Oh How The Times Go And Our Perspectives change
After spending a year in Australia when I was 20 I came home and had reverse culture shock. I though how could people just go to work everyday and do nothing while I did all this.
Tonight when I was foam rolling my back after dinner, I realized that if I came home from travelling today and had a conversation with myself, I would be that person who goes to work every day and doesn't travel. Sure I'm mountain biking and I've kayaked a bit but yup, that's me today.
The crazy part is I have no FOMO to be travelling right now. You know, Covid, it's just not in Vogue right now. The smartest thing I ever did when I was younger was do anything I felt compelled to do. In my early 20s I never imagined that I could ever feel like those 30 year olds that I saw, just chillen. I was so full of fire and erratic energy and I never tried to throttle it. Honestly, I put fire on the flames as often as I could.
These days I don't feel that way. It hurts a little more when I shoulder check on the road and I like a nice night in.

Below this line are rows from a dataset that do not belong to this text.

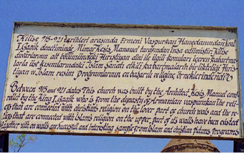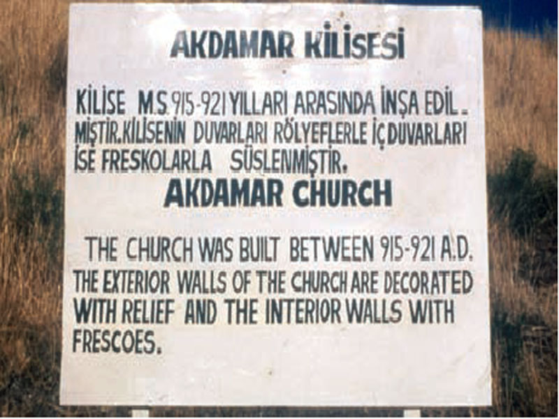 در کنار کلیسای صلیب مقدس، واقع در جزیرۀ آختامار،[۶] در سه دورۀ مختلف تابلوهای راهنما نصب شده است. تابلوی اول که دکتر آرمن حق نظریان[۷] در ۱۹۸۰م، از آن عکس گرفته به دو زبان ترکی و انگلیسی است.
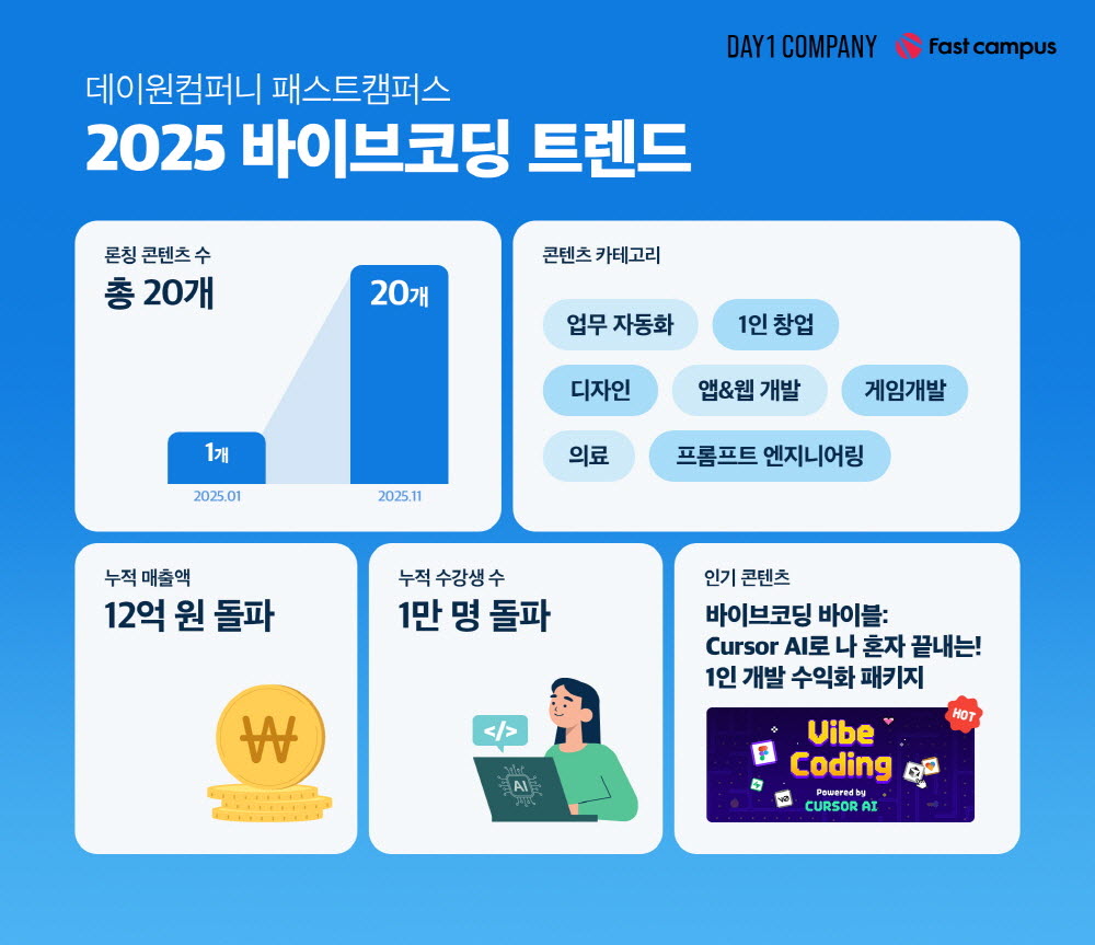 데이원컴퍼니의 패스트캠퍼스가 ‘2025 바이브코딩 트렌드’와 주요 성과를 발표했다. 바이브코딩은 복잡한 프로그래밍 지식 없이 자연어로 AI에 명령하여 웹사이트, 자동화 등을 구현하는 새로운 코딩 방식으로, 개발 진입 장벽을 낮추며 1인 창업자, 기획자 등 다양한 직군의 ‘보편적 생산성 도구’로 빠르게 확산 중이다. 패스트캠퍼스는 관련 교육 콘텐츠를 공격적으로 확장, 론칭 1년 만에 누적 매출 12억 원, 수강생 1만 명을 돌파하며 AI 코딩 교육 시장을 주도했다. 특히 최근에는 비전공자 대상 패키지부터 직장인 업무 자동화, 의료 데이터 분석 등 직무별 실무형 커리큘럼으로 무게 중심을 옮기며 활용 영역을 넓히고 있다.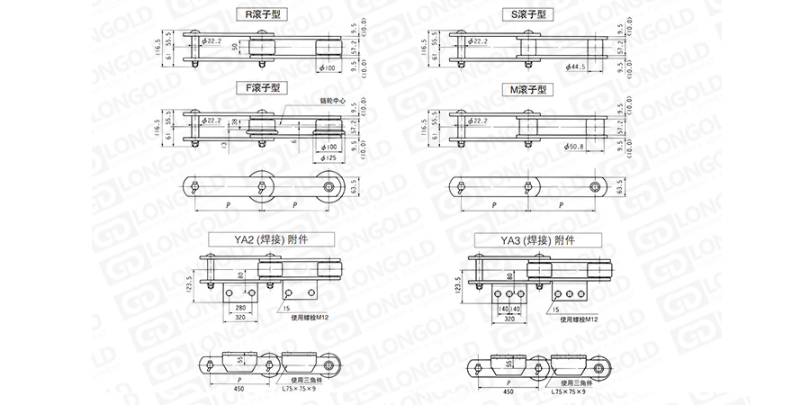 在大型輸送鏈條26450的單側(cè)鏈板焊接附件的折彎板附件的鏈條。附件是為了將夾具安裝在鏈條上的零部件,可根據(jù)客戶要求設(shè)定安裝間隔。附件上帶有2個(gè)或3個(gè)孔,附件表示為:YA2、YA3。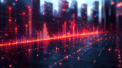 Futuristic data visualization with bar chart over digital grid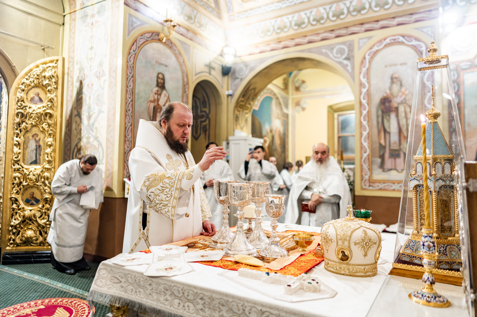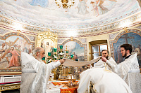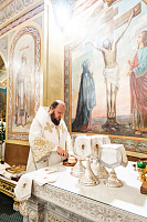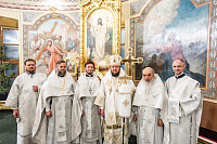 Его Высокопреосвященству сослужили клирики собора.

Fuck, it makes me laugh to even write this, 21 year old Ryan would try to fight 30 year old Ryan. I would still win today but it wouldn't be because of a lack of heart on the part of 21 year old Ryan.
That's the thing though, you will never feel like you do again right now, when you are 30, you won't feel like you did even when you were 26 and when you are 21 you cannot imagine being 26.
If there is something you want to do. Just go for it. Trust me, you won't feel that way about it forever. It's better to chase a desire until it turns cold then it is to never take the first step down that path.
On one hand, you choose the adventure, you stepped into the unknown, experienced things and grown and on the other hand you day dreamed and rationalized yourself into a lame life.
It's your choice, what will you choose?
At some point, you are going to feel to old and sore to even go for it. That is, unless you treat your body like a high performance machine and do regular maintenance on it. But that's another story and it's not on the minds of most 21 year olds, that's for sure but when you are 30 it's pretty top of mind.